Besides known for the incredible islands and natural beauty for tourism, Southeast Asia is one of the regions in the world that’s quite controversial in regards to family planning. With undeniably high numbers for rape and child marriage, it’s no surprise that Southeast Asia is also facing an alarmingly high teen birth rates.
The average adolescent birth rate in the region is 47 births per 1000 females aged 15 to 19, higher than the average of 35 in South Asia and close to the global average of 50. According to UNICEF, the highest adolescent birth rates at the country level are seen in Laos (94), Cambodia (57), Thailand (50), Indonesia (48) and Philippines (47). Quite striking numbers coming from one region, isn’t it?

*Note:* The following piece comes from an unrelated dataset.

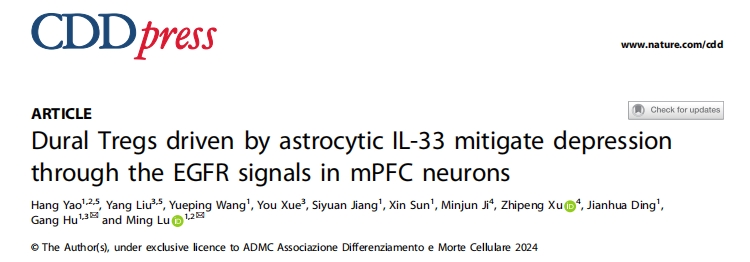 2024年11月,南京醫(yī)科大學(xué)基礎(chǔ)醫(yī)學(xué)院藥理學(xué)系魯明教授、胡剛教授團隊在Cell Death & Differentiation發(fā)表題為”Dural Tregs Driven by Astrocytic IL-33 Mitigate Depression Through the EGFR Signals in mPFC Neurons”的研究論文,使用單細胞轉(zhuǎn)錄組測序技術(shù)等多種技術(shù),深入闡述小鼠硬腦膜免疫細胞的抗抑郁機制,為抑郁癥治療提供了新的潛在治療靶點。接下來是本文的詳細解讀。

“When an adolescent girl becomes pregnant, her life changes forever. Her schooling often gets disrupted, or ends altogether; her prospects of a job dim; the health hazards due to complications from pregnancy and childbirth are huge – and often fatal,” explained Wivina Belmonte, UNICEF Deputy Regional Director, East Asia and the Pacific.

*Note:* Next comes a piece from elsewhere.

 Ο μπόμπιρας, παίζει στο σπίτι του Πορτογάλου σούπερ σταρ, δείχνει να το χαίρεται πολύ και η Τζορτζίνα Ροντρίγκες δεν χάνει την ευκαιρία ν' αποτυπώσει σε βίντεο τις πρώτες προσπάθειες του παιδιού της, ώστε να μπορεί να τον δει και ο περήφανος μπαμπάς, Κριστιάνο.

What young girls should be aware of is that being pregnant at a young age can be a lot to handle, not to mention come with a heavy set of consequences as well. Complications from pregnancy and birth is the number one killer of teenage girls worldwide. On the other hand, teenage pregnancy would lead to the young girl denying her rights to education, end of childhood and becomes more vulnerable to violence and poverty.

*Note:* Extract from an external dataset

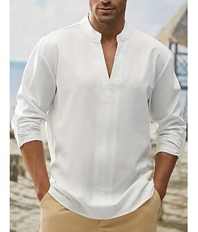 رجالي قميص قميص كتان قميص قطن كتان قميص قطن ابيض قميص ذو ياقة صينية قميص بياقة ماندرين سهل عطلة فضفاض أبيض كم طويل V رقبة ربيع & الصيف ملابس

With that information at hand, teenage girls absolutely must have access to family planning services in order to stop teenage pregnancy from rising. This means young girls must be introduced to contraception, information about sex and her right to make choices about her body and her future. Of course, none of this can happen unless it’s supported by a good foreign policy that is adequately funded.
Adolescent sexuality is a reality that makes many governments and other stakeholders uncomfortable. But unless we understand the complexities, we will fail to make genuine progress in filling gaps in our knowledge, especially for 10 to 14-year-olds and unmarried girls and boys, and in addressing these challenges. Just take a look at what these two young mothers are saying.
“I knew a little bit about how a baby is made, but not too much. In school, I had no lessons at all related to getting pregnant. Nothing!”
Natalia, a 19-year-old mother from Timor Leste
“I had plans for my life, but since I got pregnant I had to plan in a different way. If I knew this was going to happen, I would not have bothered with that guy and just focused on my studies.”
Fern, an 18-year-old pregnant school girl
From those two girls alone we can conclude that comprehensive sexuality education is needed to ensure that young people are equipped with an understanding in this matter. Evidence globally clearly shows that providing sexual education does not increase sexual activity, but rather empowers young persons to take charge of their own lives with healthier and happier outcomes. Abstinence-only approaches are not effective in delaying sexual initiation, reducing the frequency of sex or reducing the number of sexual partners. Dina Chaerani, President, Youth Coalition for Girls in Indonesia, commented on this matter by saying, “At the end of the day, young people themselves must be at the heart of the solution.”